Reference is made to that certain Credit Agreement, entered into on March 5, 2021 (the "Credit Agreement"), by and among a vertically integrated single-state cannabis operator in Michigan, as parent and guarantor, and certain of its subsidiaries and affiliates as borrowers and/or guarantors (collectively, with the single-state operator in Michigan, the "Borrowers"), Chicago Atlantic Admin, LLC, as agent (in such capacity, the "Agent"), Green Ivy Capital, LLC, as lead arranger, Chicago Atlantic Real Estate Finance, Inc. (the "Company") as a lender named in the Credit Agreement, and the other lenders from time to time party thereto (collectively, the "Lenders").

On January 13, 2022, the Company entered into the First Amendment to the Credit Agreement, which provides for the funding of certain loan commitments made pursuant to the Borrowers' existing $100 million senior secured credit facility.
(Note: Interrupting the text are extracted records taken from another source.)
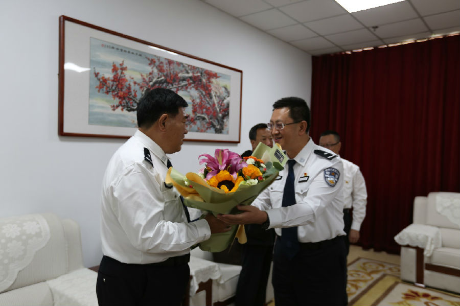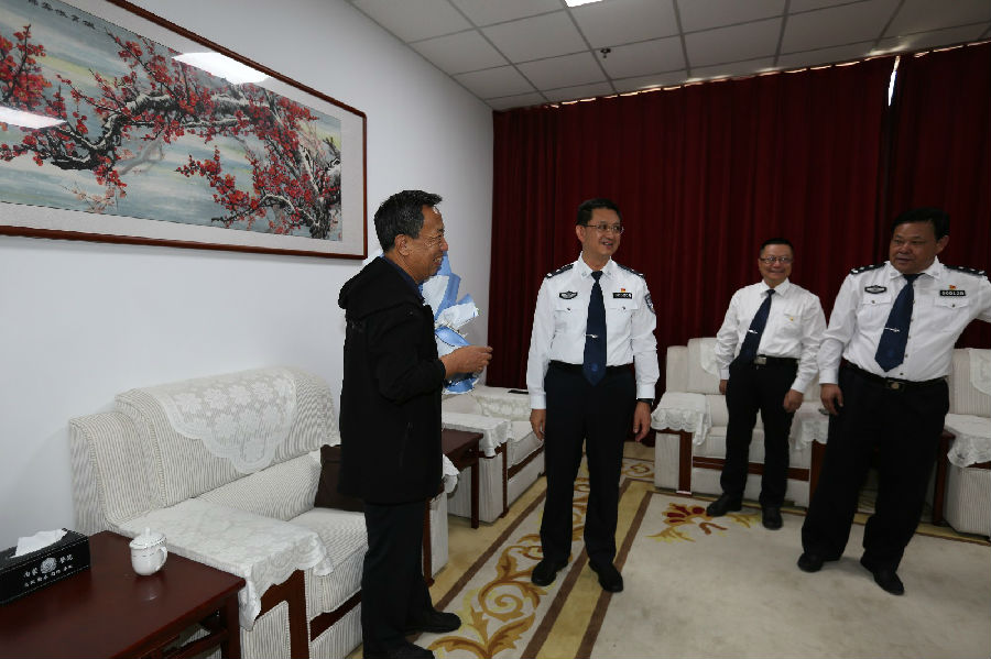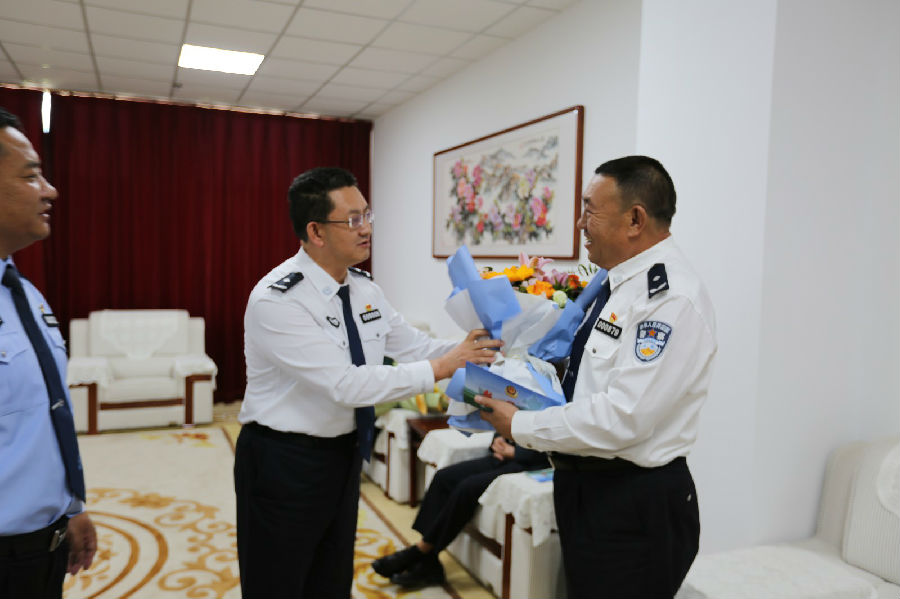 在第三十七个教师节来临之际,9月9日下午,自治区公安厅党委委员、政治部主任王斌在人事训练处处长邓忠的陪同下,深入警察职业学院看望慰问教师代表并进行座谈交流。座谈会由学院党委书记苏和生主持,党委成员、各部门负责人、教师代表和退休教师代表参加。
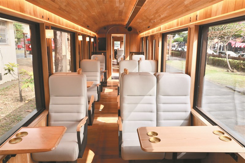 阿里山鐵路檜木車廂「福森號」全新亮相,車廂內裝的弧形天花板、地板、牆面、桌板與座椅扶手,都以檜木製成,乘客可觸摸到檜木的溫潤質感。圖/阿里山林鐵及文資處提供
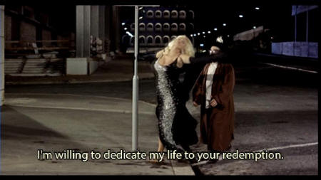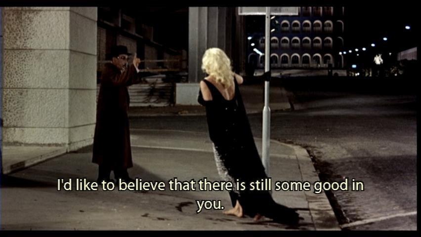 [Antonio] With all my heart, I would like to believe that there was something still good in you. Perhaps you're still not completely beyond saving. I hope so. I could help to lift you from the depths of iniquity. [Anita] Iniquity? I'd be willing to, for your sake. I'd be willing to give my entire life to it. |
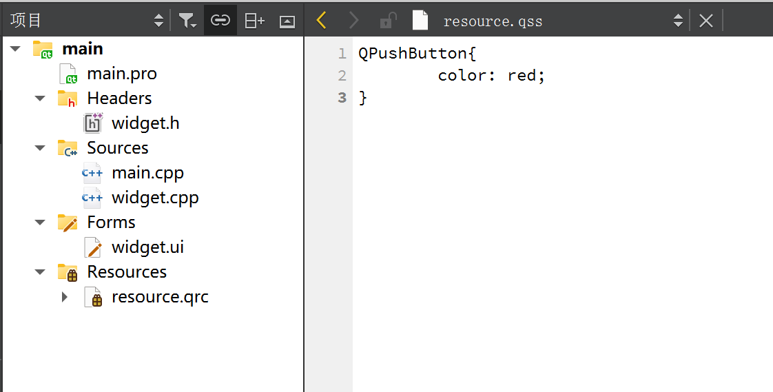 (3) 使用Qt Creator 打开 resource.qss , 编写内容
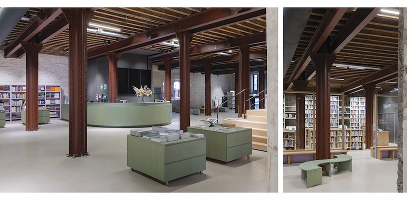 De vaste inrichting introduceert een frisse interpretatie van dit kleurenpalet in lavendel en mintgroen. Aanvullende materialen als eiken, honey-pine en staal sluiten aan bij de logica van het gebouw. De baliebladen bestaan uit een naadloze gietvloer met granulaat van gerecycled plastic, waarvan de kleuren verwijzen naar de historische menietinten.
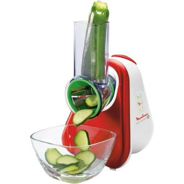 Zerkleinerer, Leistung: 150 Watt, Leistungsabstufungen: 1, Serien: Moulinex Fresh Express, Moulinex Red Ruby Collection, Ausstattung: Kabelaufwicklung, Gehäusematerial: Kunststoff/ Sonstiges: elektrisches Schnitzelwerk, fünf Trommeleinsätze: hellgrün zum feinen Schneiden, rot zum groben Raspeln, orange zum feinen Raspeln, dunkelgelb zum Reiben (Parmesan, Nüsse u.a.), hellgelb zum Kartoffelreiben, einfache Entnahme der Trommeln, weiter Auswurf, Funktionen: schneiden, reiben, raspeln

Pursuant to the First Amendment, the Lenders collectively funded $67.3 million of the aggregate principal amount, with the Company funding approximately $16.09 million of such principal amount. Following the closing of the First Amendment, the Company has funded an aggregate of approximately $29.2 million to the Borrowers pursuant to the Credit Agreement. The Lenders are obligated to fund the remaining $15 million at any time on or prior to June 30, 2022 upon the Borrowers' request subject to the terms and conditions of the First Amendment. The Company is not obligated to fund any portion of the remaining $15 million.

The Company's commitment under the First Amendment and the Credit Agreement is secured by liens on substantially all assets of the Borrowers, including, in particular, owned real estate in a single state.

Item 9.01. Financial Statements and Exhibits.

a) Financial statements of businesses or funds acquired

No financial statements are being filed with this report. Any required financial statements in connection with the transactions described in Item 2.01 will be filed by amendment pursuant to Item 9.01(a)(3) within 71 calendar days after the date on which this Current Report on Form 8-K is required to be filed.

b) Pro forma financial information

No pro forma financial information is being filed with this report. Any required pro forma financial information in connection with the transactions described in Item 2.01 will be filed by amendment pursuant to Item 9.01(b)(2) within 71 calendar days after the date on which this Current Report on Form 8-K is required to be filed.